General Linear Model (GLM) and MANOVA (GLM command)

MANOVA, the other generalized procedure for analysis of variance and covariance, is available only in syntax. The major distinction between GLM and MANOVA in terms of statistical design and functionality is that GLM uses a non-full-rank, or overparameterized, indicator variable approach to parameterization of linear models instead of the full-rank reparameterization approach that is used in MANOVA. GLM employs a generalized inverse approach and employs aliasing of redundant parameters to 0. These processes employed by GLM allow greater flexibility in handling a variety of data situations, particularly situations involving empty cells. GLM offers the following features that are unavailable in MANOVA:

  • Identification of the general forms of estimable functions.
  • Identification of forms of estimable functions that are specific to four types of sums of squares (Types I–IV).
  • Tests that use the four types of sums of squares, including Type IV, specifically designed for situations involving empty cells.
  • Flexible specification of general comparisons among parameters, using the syntax subcommands LMATRIX, MMATRIX, and KMATRIX; sets of contrasts can be specified that involve any number of orthogonal or nonorthogonal linear combinations.
  • Nonorthogonal contrasts for within-subjects factors (using the syntax subcommand WSFACTORS).
  • Tests against nonzero null hypotheses, using the syntax subcommand KMATRIX.
  • Feature where estimated marginal means (EMMEANS) and standard errors (adjusted for other factors and covariates) are available for all between-subjects and within-subjects factor combinations in the original variable metrics.
  • Uncorrected pairwise comparisons among estimated marginal means for any main effect in the model, for both between- and within-subjects factors.
  • Feature where post hoc or multiple comparison tests for unadjusted one-way factor means are available for between-subjects factors in ANOVA designs; twenty different types of comparisons are offered.
  • Weighted least squares (WLS) estimation, including saving of weighted predicted values and residuals.
  • Automatic handling of random effects in random-effects models and mixed models, including generation of expected mean squares and automatic assignment of proper error terms.
  • Specification of several types of nested models via dialog boxes with proper use of the interaction operator (*), due to the nonreparameterized approach.
  • Univariate homogeneity-of-variance assumption, tested by using the Levene test.
  • Between-subjects factors that do not require specification of levels.
  • Profile (interaction) plots of estimated marginal means for visual exploration of interactions involving combinations of between-subjects and/or within-subjects factors.
  • Saving of casewise temporary variables for model diagnosis: unstandardized (raw) and weighted unstandarized predicted values; unstandardized, weighted unstandardized, standardized, Studentized, and deleted residuals; standard error of prediction, Cook's distance, leverage.
  • Saving of a datafile in IBM® SPSS® Statistics format with parameter estimates and their degrees of freedom and significance level.

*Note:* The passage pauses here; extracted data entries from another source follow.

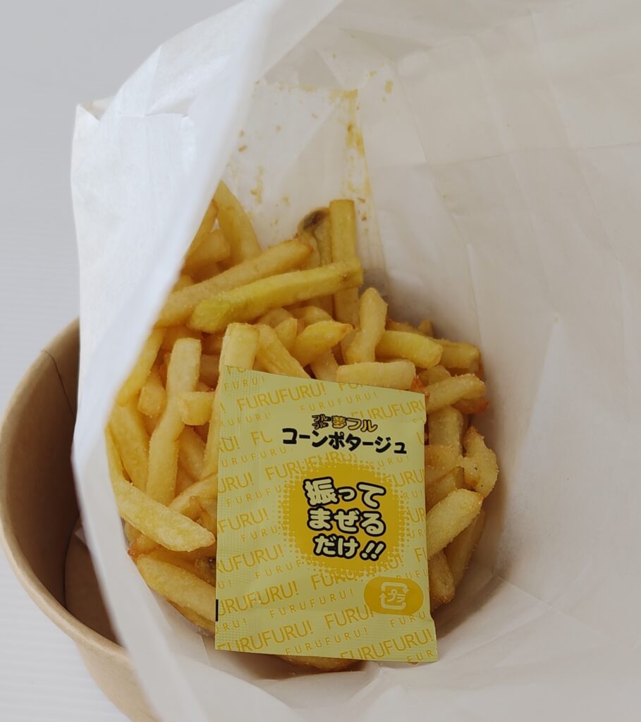 コーンポタージュ味の粉末を袋に入れ、振り混ぜてください。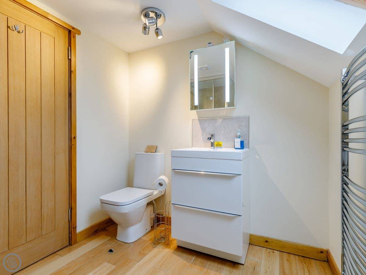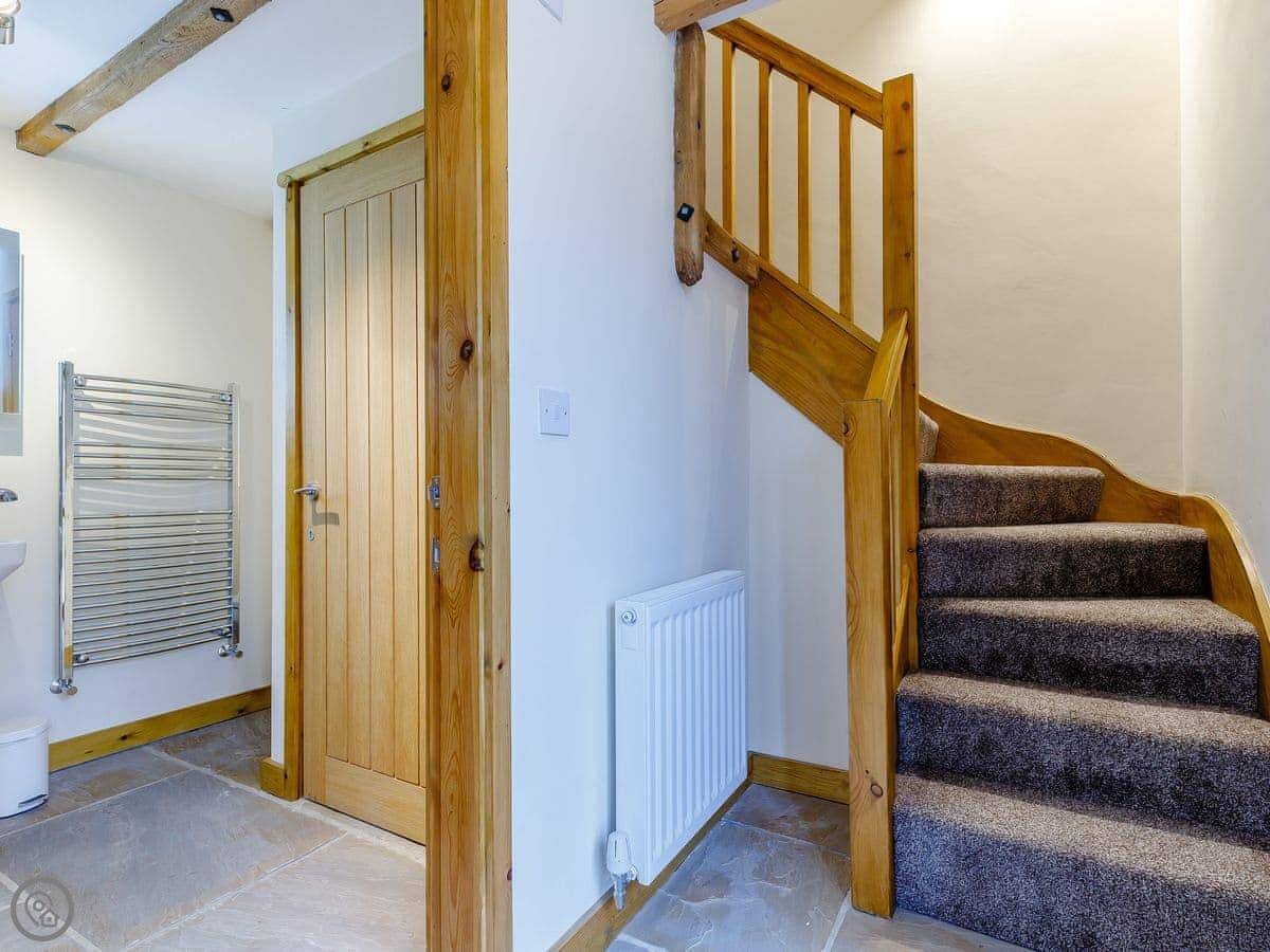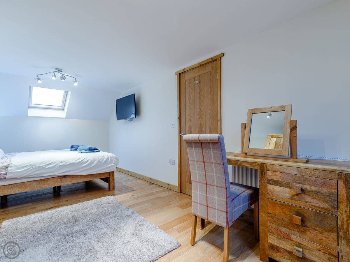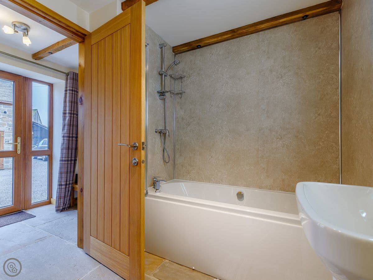 It sleeps six. Two bedrooms, both are doubles, and two bathrooms. One bathroom has a spa bath. It's got a 5 Star rating, which means it's well finished and everything works properly. The beams are original and quite low in the kitchen, so watch your head if you're tall.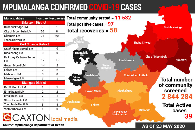 Covid-19: The number of confirmed cases in Mpumalanga as of May 23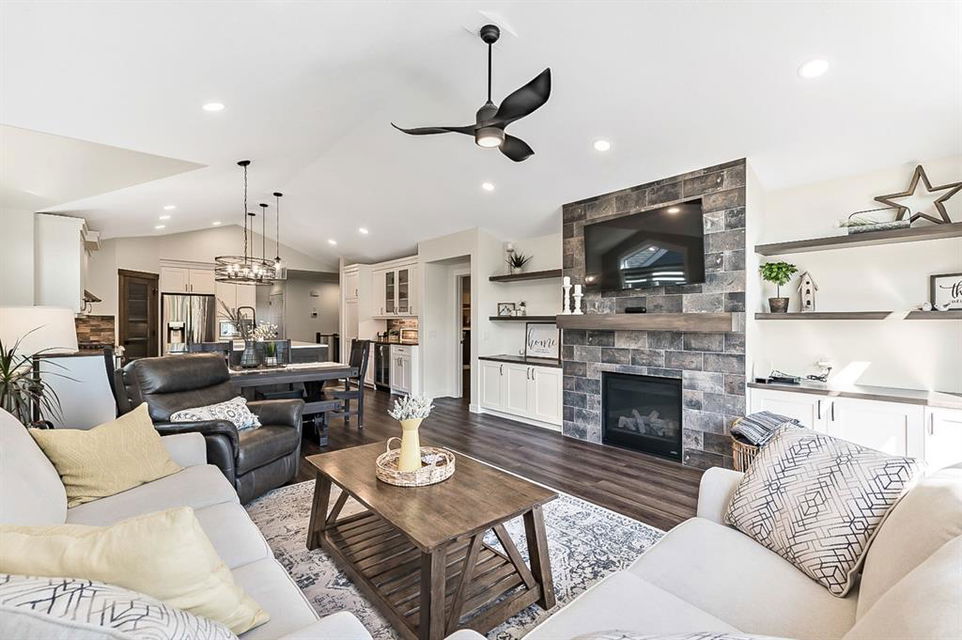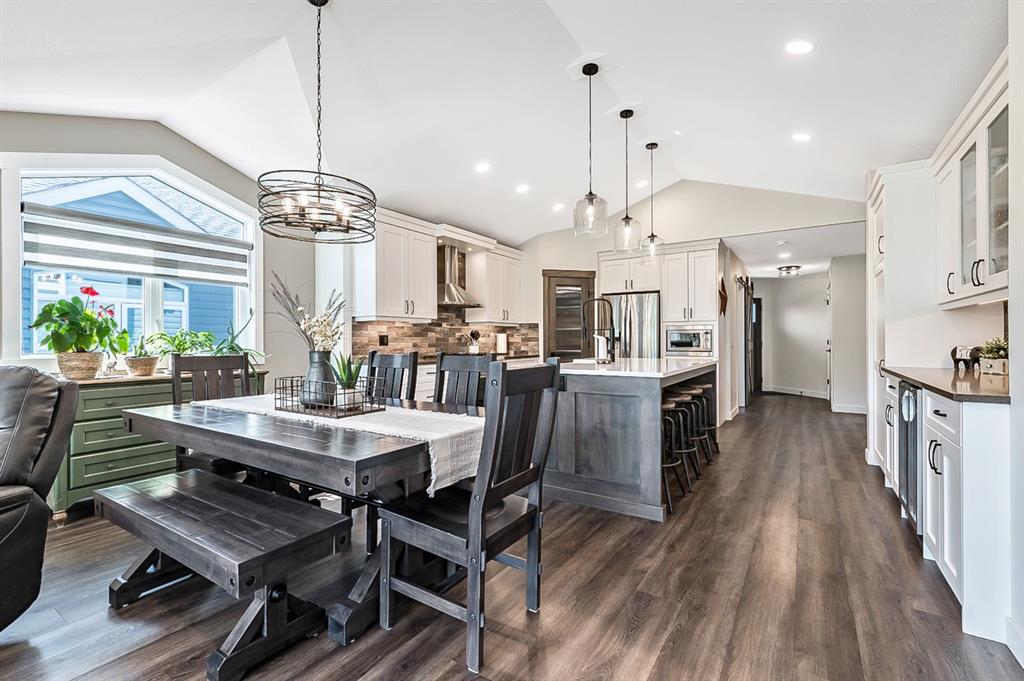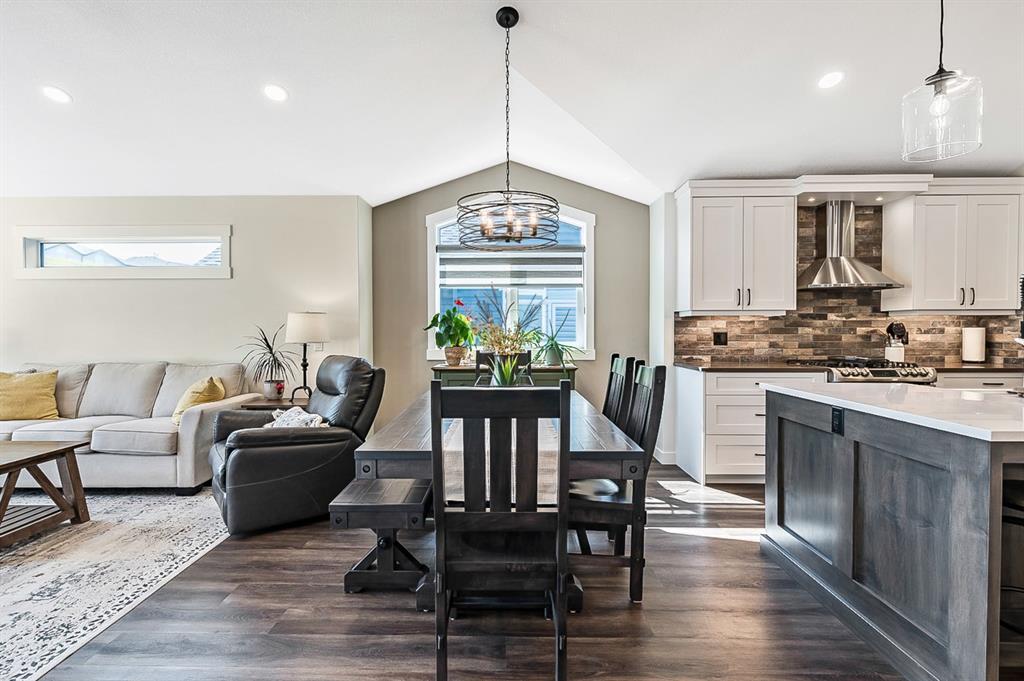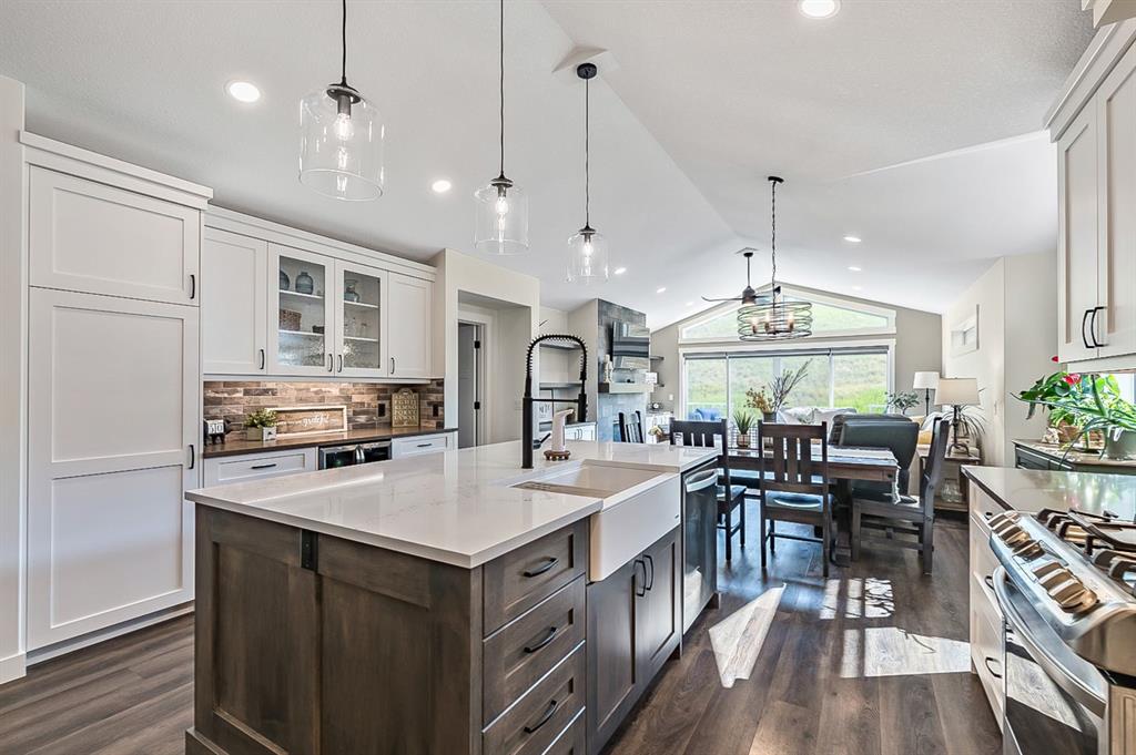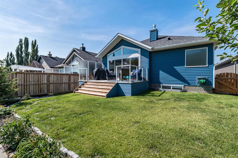 BEAUTIFULLY FINISHED spacious 3 year old bungalow built by Dream West Homes, in one of the most private locations of Okotoks … tucked into the hills of Sheep River Cove and just steps from miles of river paths and nature reserves. This one will impress even the most discerning buyer, as this home truly showcases the best of the best. STEP INSIDE & see (click 3D video, or come to Open House on Saturday or Sunday) … MAIN FLOOR features open concept plan with vaulted ceilings, gorgeous white kitchen and huge island w farmhouse sink, large living room area with fireplace and built in cabinetry, double sliding doors that open up to back deck, dining room, den with modern barn door, spacious primary bedroom with gorgeous ensuite bathroom w heated floors and walk-in closet, and direct access to main floor laundry. LOWER LEVEL features high ceilings & large windows, spacious recreation room, two additional bedrooms, and full bathroom. Lush carpet, luxury vinyl plank, tile, A/C, water softener, custom blinds, and designer finishing throughout make this home 10/10. GARAGE is heated and set up with floor drain. PROPERTY features gorgeous low maintenance zero-scape front yard and beautiful & private backyard with expansive deck. Bungalows are tough to find … but bungalows with this level of finishing, with nearly 1500sq.ft. of space, and with this location are next to impossible to find. Book your showing or come by the Open House on Saturday 1-3 or Sunday 11-1!

To simplify the presentation, GLM reference material is divided into three sections: univariate designs with one dependent variable, multivariate designs with several interrelated dependent variables, and repeated measures designs, in which the dependent variables represent the same types of measurements, taken at more than one time.

The full syntax diagram for GLM is presented here. The following GLM sections include partial syntax diagrams, showing the subcommands and specifications that are discussed in that section. Individually, those diagrams are incomplete. Subcommands that are listed for univariate designs are available for any analysis, and subcommands that are listed for multivariate designs can be used in any multivariate analysis, including repeated measures.